The CEO of KOSTT, Mustafa Hasani, and the director of Solar Energy Group Europe sh p k, Egbert Schnuse, signed, this week, an agreement for the grid connection of the solar plant, which is planned to be connected to the 110 kV transmission network through a new 110 kV line with a length of about 6.5km, the network operator said in a statement.
The plant is scheduled to begin commercial operations in 2022. No further details were revealed on the project. When built, the plant will be Kosovo's first large scale solar park.
The Kosovar government has made several attempts to support small sized and utility scale solar in the past. These efforts, however, have produced little results to date. In December, for example, Kosovo's State Aid Commission (KNSH) deliberated that the feed-in tariff scheme for PV installations not exceeding 3 MW in size, introduced by the country's Office of the Energy Regulator (ZRRE) in late November, was not complying with European state aid regulations.
Kosovo had just 7 MW of installed PV capacity at the end of 2019, according to the International Renewable Energy Agency.

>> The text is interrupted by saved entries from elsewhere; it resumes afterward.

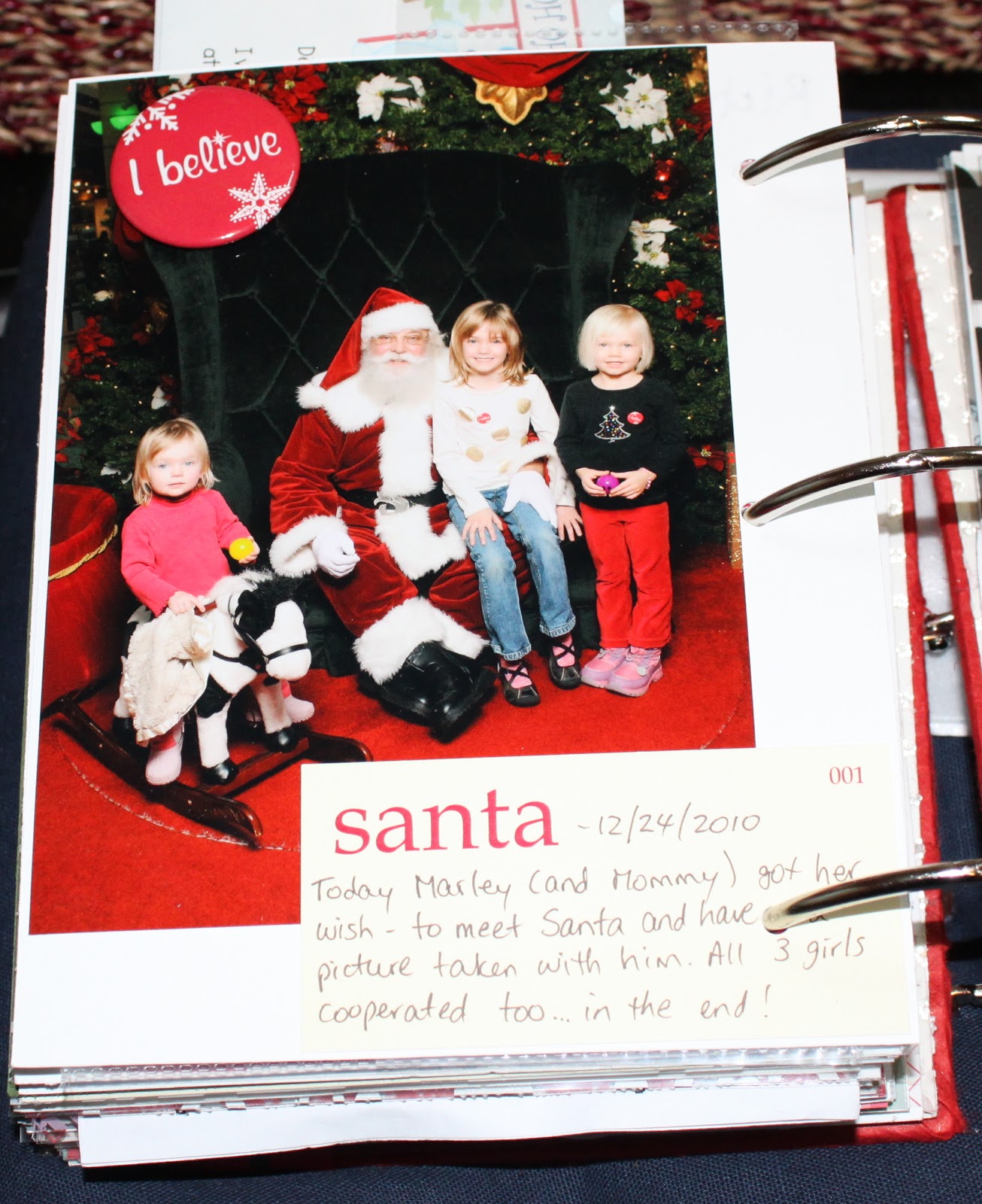 It fit well between the days as the story of Seeing Santa spanned the two days. Marley really, really wanted to see Santa but we couldn’t stay on the 23rd and the line had already been closed when we tried to go back that night so I decided to try to get in to see him first thing on the 24th. And we experienced a Christmas Miracle of sorts! I managed to get my coveted picture (that I’ve missed for the past few years) of all 3 girls with Santa. And Paige even smiled!! I love that girl!
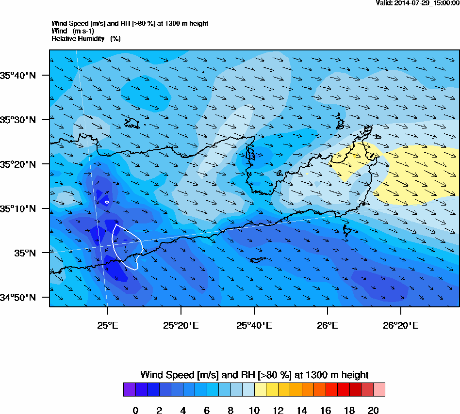 Graph 4: arw064.png - Wind Speed [m/s] and RH [>80%] at 1300 m height
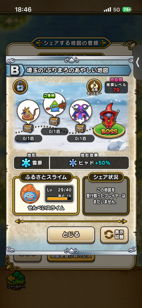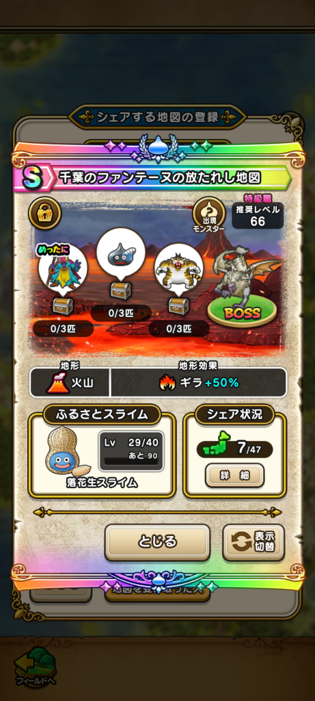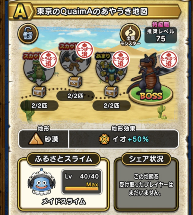 ドラクエウォークの宝の地図をシェア・入手するためのフレンド募集掲示板です。シェア時は宝の地図の内容(グレード、BOSS、お宝モンスター、都道府県)と自分のIDを記載してください。
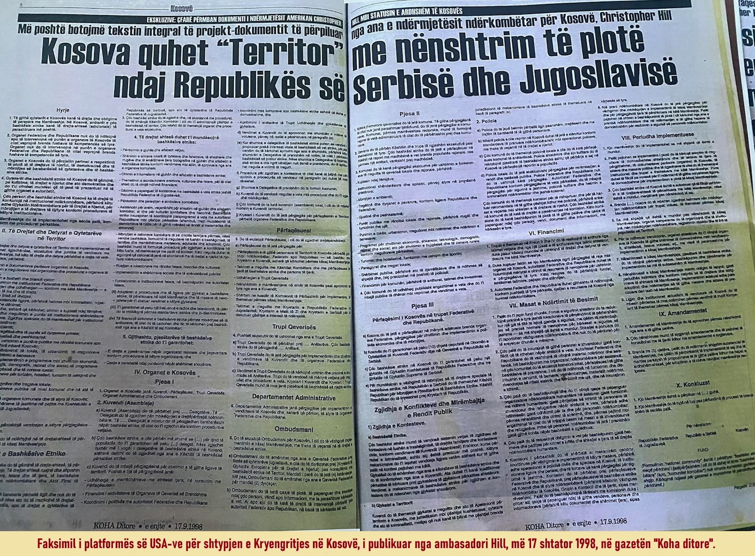 Si ilustrim po paraqes faksimilet e platformës amerikane, të publikuar edhe në shqip në Koha Ditore, më 17 shtator 1998.
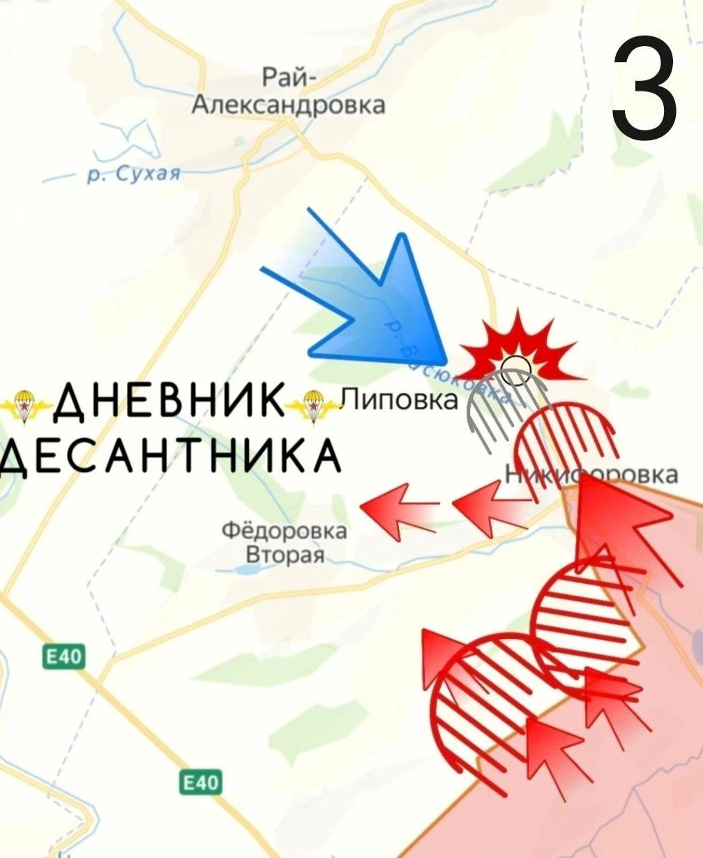 Севернее ведутся бои за Кривую Луку, а в районе Резниковки и Никифоровки российские части расширили зону контроля, продвигаясь к Липовке.
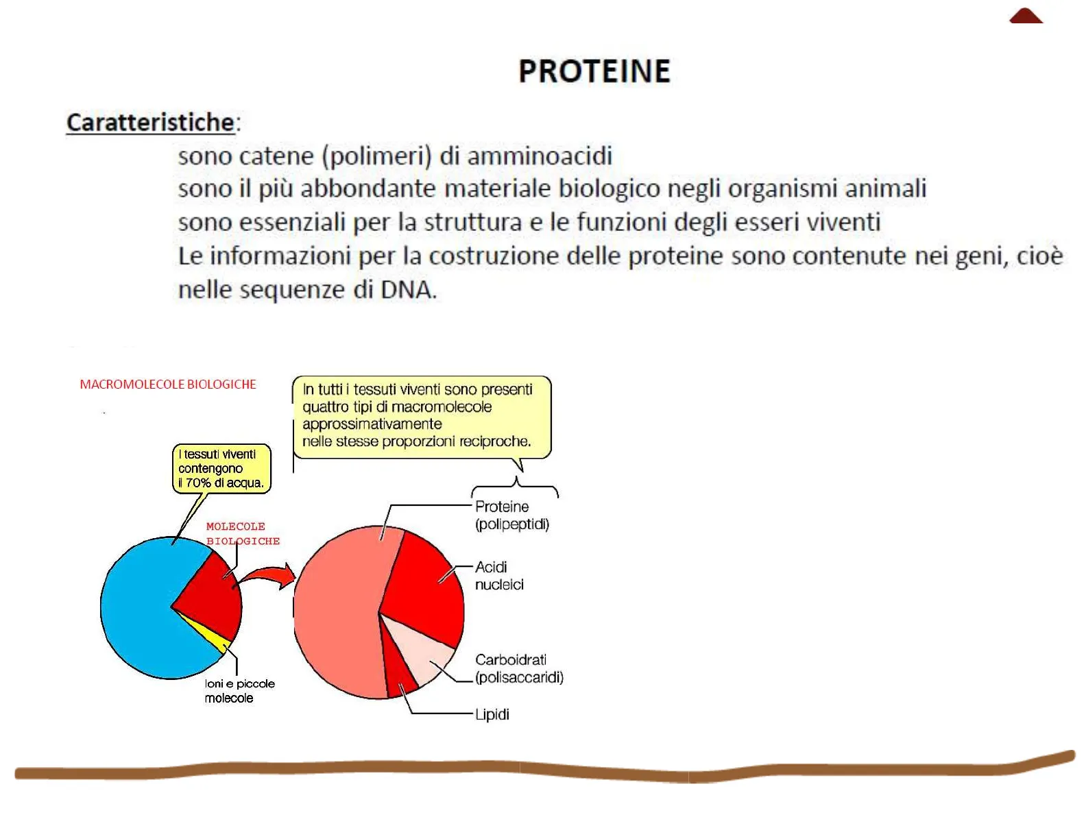 In tutti i tessuti viventi sono presenti quattro tipi di macromolecole approssimativamente nelle stesse proporzioni reciproche. I tessuti viventi contengono il 70% di acqua.
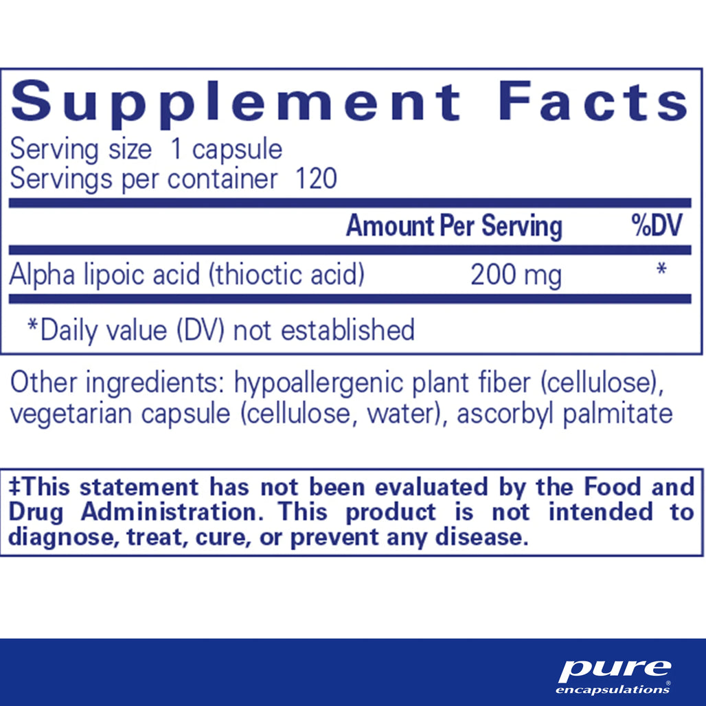 Alpha Lipoic Acid is a water and fat soluble antioxidant. Alpha Lipoic Acid helps maintain healthy glucose metabolism, supports the nervous system and provides nutritional suppo...

The country recently raised its renewable energy target to an additional 400 MW of capacity by 2026. That would be enough to meet a quarter of its power demand and would reduce dependence on aging coal-fired power plants.
Most of Kosovo’s electricity is supplied as imports or from two lignite-fired thermal power plants, the 40-year-old Kosovo A Power Station (with a 345 MW generation capacity) near Pristina, and the upgraded, 27-year-old Kosovo B Power Station (540 MW) in Obilić.